Das Scheitern von „Jamaika“ folgt einem gescheiterten Wahlkampf, der die Europapolitik außen vor gelassen hat, in der Überzeugung, dass es besser sei, Themen der Innenpolitik anzusprechen, um Wählerstimmen zu gewinnen. Wer diesen Fehler begeht, bekommt die Rechnung später vorgesetzt, das zeigen die deutlichen Einbußen der zwei großen Parteien (CDU/SCU und SPD), die der Programmatik der Europaskeptiker bzw. Antieuropäer , bestehend aus Unsicherheit, Suche nach Schutz und nationaler Identität gefolgt waren. Und die Wählerschaft hat wie immer das Original bevorzugt.

Nach zehn Jahren Wirtschaftskrise und sozialer Krise in der Eurozone, nach der Staatsschuldenkrise, nach dem Brexit und dem Abwenden Trumps von Europa, mit Hinblick auf den Zusammenbruch Nordafrikas (und den Folgen der Migrations-/Flüchtlingskrise) und dem politischen Chaos in Nahost (der den Terrorismus befeuert), ist es ein Beispiel ungeheuerlicher Ignoranz und politischer Verantwortungslosigkeit von Angela Merkel und Martin Schulz gewesen, den Wählern keine neue EU-Agenda anzubieten. Ohne ein europäisches Projekt ist es klar, dass die Wähler auf der Suche nach Sicherheit von denen angezogen werden, die nach stärkeren Nationalstaaten rufen. In Frankreich hat Macron hingegen ein Projekt für Frankreich und Europa vorgelegt, nachdem es mit der EU mehr Sicherheit und Fortschritt gebe. Und die Franzosen, nach Jahren schwacher politischer Führung und nationalem Frust, hatten wieder eine Perspektive: Europa als Ausweg auch für Frankreich.

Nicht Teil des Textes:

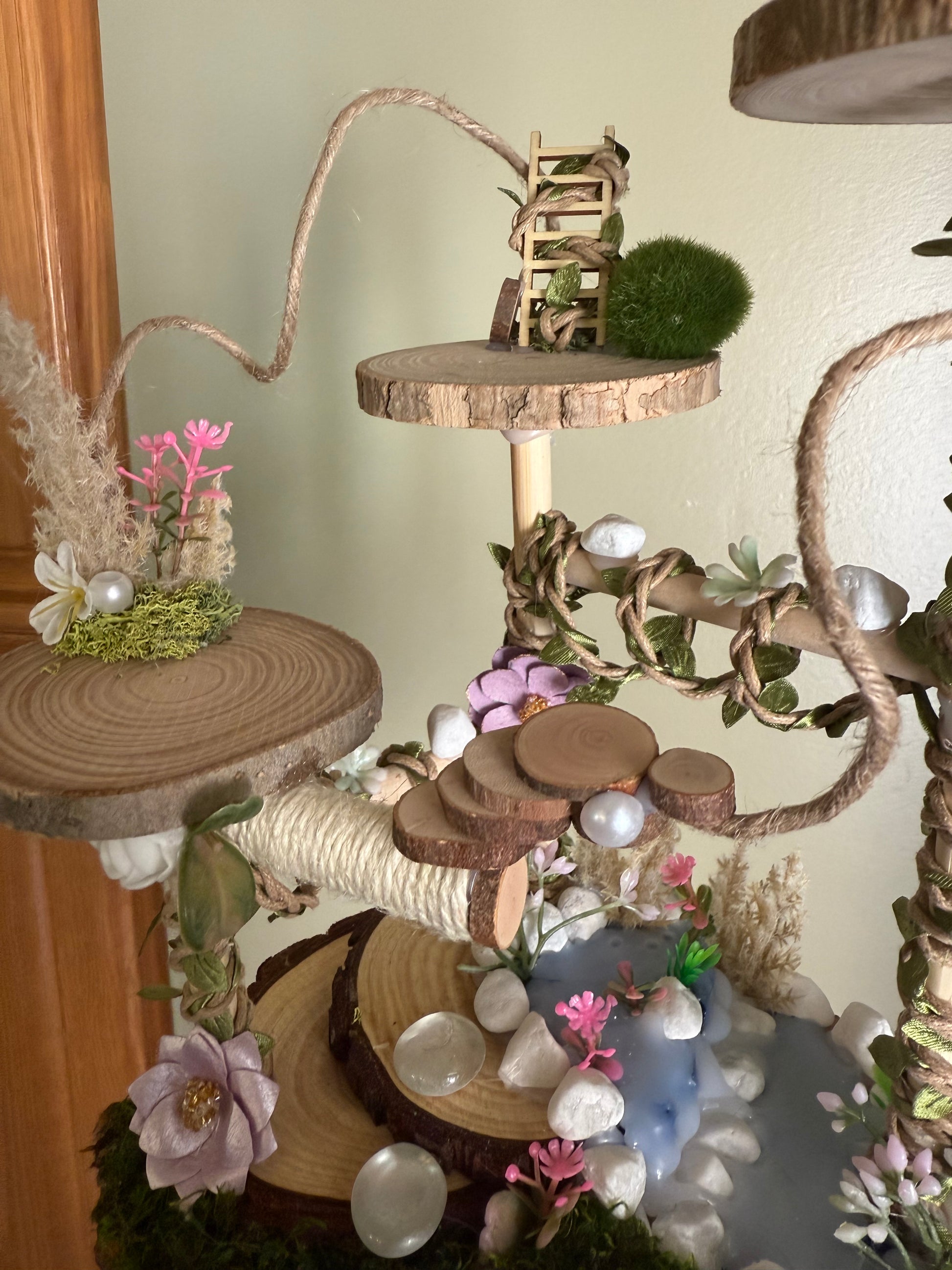 This medium/large sized spider playground is inspired by mossy forests and waterfalls in Colorado, USA, and is made entirely by hand. With real wood, soft moss, and natural touches, this playground offers plenty of cozy textures, vines, and spots to explore.

Europa muss auch wieder europäische Selbstbestimmung heißen: Bei der Einwanderung, im internationalen Handel, bei Wirtschaftspolitik, Verteidigung und Außenpolitik. Europäische Selbstbestimmung heißt, Europa die Institutionen, die Ressourcen und die Mittel zu geben, um effektiv in diesen Bereichen zu handeln. Und dem Europäischen Parlament die Macht zu geben, die Arbeit dieser zu kontrollieren. So kann die europäische Demokratie gestärkt werden, insbesondere in den Bereichen, in denen die Nationalstaaten nicht mehr in der Lage sind, effiziente Lösungen zu entwickeln. Ohne diese Kompetenzabgabe ist es unmöglich, eine gemeinsame europäische Leitlinie zu finden und es überwiegen immer wieder die nationalen Interessen jeden Landes. Das löst keines der Probleme. Deswegen ist das politische Spiel so kompliziert in Deutschland, in dem Land, das in den letzten zehn Jahren immer geglaubt hat, jedes europäische Problem zuerst im eigenen Hause lösen zu können und danach, nach einem inneren politischen Konsens, eine Lösung auf europäischer Ebene zu implementieren. Nach dem Ende der Bundestagswahlen ist diese Zeit für Deutschland vorbei: der Wählerschaft wurde keine klare Europapolitik vermittelt, und nun finden die Parteien keine Einigkeit in Sachen Einwanderung, Sicherheitspolitik und bezüglich der Zukunft der Eurozone.

Es ist Zeit, dass diese Themen den Regierungen der Nationalstaaten entzogen werden, da diese nicht in der Lage sind, sie zu verhandeln. Es ist Zeit, dass diese Kompetenzbereiche einer europäischen Regierung übertragen werden, die vor dem eigenen Parlament legitimiert ist. Es ist Zeit für ein souveränes Europa mit einer föderalen Regierung.